- _PROBLEM REQUIREMENTS_:
Copy verbatim the block of lines in the entries below whose first line contains "पीडित महिलाले लेखेकी" and whose last line contains "江悅灣打造5大主題架空層泛會". Leave out all other lines.

- - -

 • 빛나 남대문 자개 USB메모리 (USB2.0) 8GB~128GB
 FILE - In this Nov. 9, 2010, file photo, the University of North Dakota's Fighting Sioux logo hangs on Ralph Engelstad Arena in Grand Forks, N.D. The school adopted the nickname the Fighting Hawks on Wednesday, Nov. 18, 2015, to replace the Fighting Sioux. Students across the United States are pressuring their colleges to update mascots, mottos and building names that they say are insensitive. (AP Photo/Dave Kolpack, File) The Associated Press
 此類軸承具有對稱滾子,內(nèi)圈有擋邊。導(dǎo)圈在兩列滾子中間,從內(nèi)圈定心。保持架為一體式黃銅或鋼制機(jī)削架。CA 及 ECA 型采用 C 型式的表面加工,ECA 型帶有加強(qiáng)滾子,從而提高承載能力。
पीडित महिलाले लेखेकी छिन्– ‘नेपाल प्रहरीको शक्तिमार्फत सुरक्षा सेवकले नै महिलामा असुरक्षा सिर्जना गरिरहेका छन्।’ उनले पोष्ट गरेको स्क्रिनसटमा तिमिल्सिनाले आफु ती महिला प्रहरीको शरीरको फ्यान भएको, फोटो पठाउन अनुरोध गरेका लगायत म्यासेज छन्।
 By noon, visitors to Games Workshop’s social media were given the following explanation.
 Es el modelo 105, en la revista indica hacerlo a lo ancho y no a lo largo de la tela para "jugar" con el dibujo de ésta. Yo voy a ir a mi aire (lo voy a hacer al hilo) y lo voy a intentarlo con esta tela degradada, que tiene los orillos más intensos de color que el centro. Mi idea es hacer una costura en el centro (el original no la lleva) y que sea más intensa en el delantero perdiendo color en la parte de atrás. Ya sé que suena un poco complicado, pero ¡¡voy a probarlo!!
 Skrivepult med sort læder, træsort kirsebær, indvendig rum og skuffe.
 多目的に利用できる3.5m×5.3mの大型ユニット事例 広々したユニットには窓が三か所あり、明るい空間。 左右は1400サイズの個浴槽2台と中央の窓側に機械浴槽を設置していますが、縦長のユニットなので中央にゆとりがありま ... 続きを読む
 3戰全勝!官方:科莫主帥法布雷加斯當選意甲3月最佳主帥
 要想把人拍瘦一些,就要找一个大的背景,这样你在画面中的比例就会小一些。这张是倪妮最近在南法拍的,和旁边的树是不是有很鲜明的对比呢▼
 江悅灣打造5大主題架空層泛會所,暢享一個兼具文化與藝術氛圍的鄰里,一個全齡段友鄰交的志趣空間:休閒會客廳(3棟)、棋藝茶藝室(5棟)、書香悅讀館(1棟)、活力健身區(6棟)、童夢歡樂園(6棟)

- - -

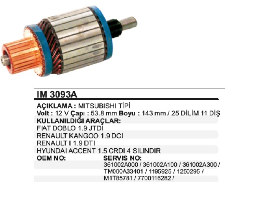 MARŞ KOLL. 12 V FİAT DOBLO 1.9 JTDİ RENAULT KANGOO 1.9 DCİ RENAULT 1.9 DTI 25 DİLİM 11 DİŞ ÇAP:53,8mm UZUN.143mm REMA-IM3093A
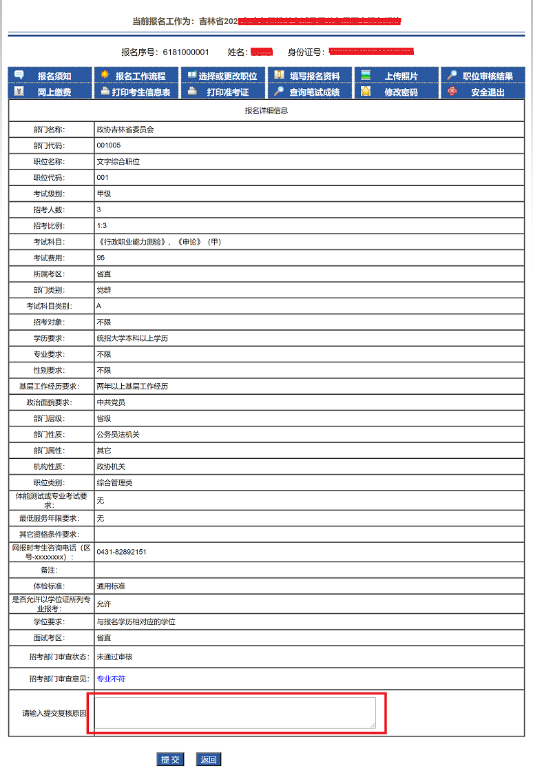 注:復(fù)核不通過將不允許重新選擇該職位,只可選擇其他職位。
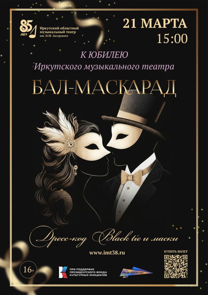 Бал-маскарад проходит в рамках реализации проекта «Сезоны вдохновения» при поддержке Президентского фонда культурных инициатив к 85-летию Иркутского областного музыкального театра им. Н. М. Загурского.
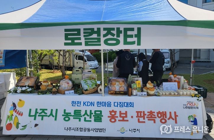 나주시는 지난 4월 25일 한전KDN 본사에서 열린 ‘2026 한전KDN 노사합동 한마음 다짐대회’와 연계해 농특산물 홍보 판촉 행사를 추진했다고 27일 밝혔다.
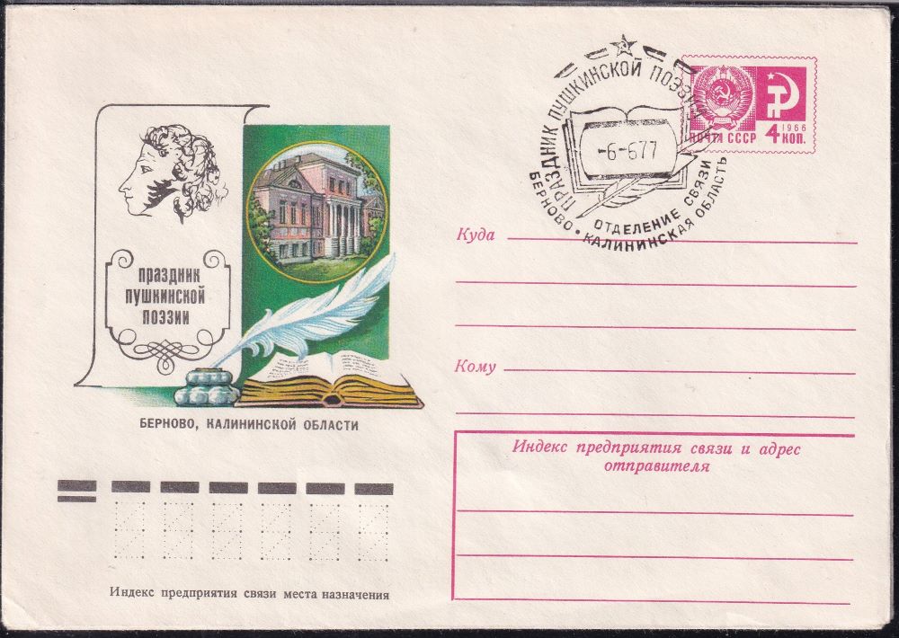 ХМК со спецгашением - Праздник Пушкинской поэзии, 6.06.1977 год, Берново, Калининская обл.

- - -

- _SOLVED EXERCISE_:
पीडित महिलाले लेखेकी छिन्– ‘नेपाल प्रहरीको शक्तिमार्फत सुरक्षा सेवकले नै महिलामा असुरक्षा सिर्जना गरिरहेका छन्।’ उनले पोष्ट गरेको स्क्रिनसटमा तिमिल्सिनाले आफु ती महिला प्रहरीको शरीरको फ्यान भएको, फोटो पठाउन अनुरोध गरेका लगायत म्यासेज छन्।
 By noon, visitors to Games Workshop’s social media were given the following explanation.
 Es el modelo 105, en la revista indica hacerlo a lo ancho y no a lo largo de la tela para "jugar" con el dibujo de ésta. Yo voy a ir a mi aire (lo voy a hacer al hilo) y lo voy a intentarlo con esta tela degradada, que tiene los orillos más intensos de color que el centro. Mi idea es hacer una costura en el centro (el original no la lleva) y que sea más intensa en el delantero perdiendo color en la parte de atrás. Ya sé que suena un poco complicado, pero ¡¡voy a probarlo!!
 Skrivepult med sort læder, træsort kirsebær, indvendig rum og skuffe.
 多目的に利用できる3.5m×5.3mの大型ユニット事例 広々したユニットには窓が三か所あり、明るい空間。 左右は1400サイズの個浴槽2台と中央の窓側に機械浴槽を設置していますが、縦長のユニットなので中央にゆとりがありま ... 続きを読む
 3戰全勝!官方:科莫主帥法布雷加斯當選意甲3月最佳主帥
 要想把人拍瘦一些,就要找一个大的背景,这样你在画面中的比例就会小一些。这张是倪妮最近在南法拍的,和旁边的树是不是有很鲜明的对比呢▼
 江悅灣打造5大主題架空層泛會所,暢享一個兼具文化與藝術氛圍的鄰里,一個全齡段友鄰交的志趣空間:休閒會客廳(3棟)、棋藝茶藝室(5棟)、書香悅讀館(1棟)、活力健身區(6棟)、童夢歡樂園(6棟)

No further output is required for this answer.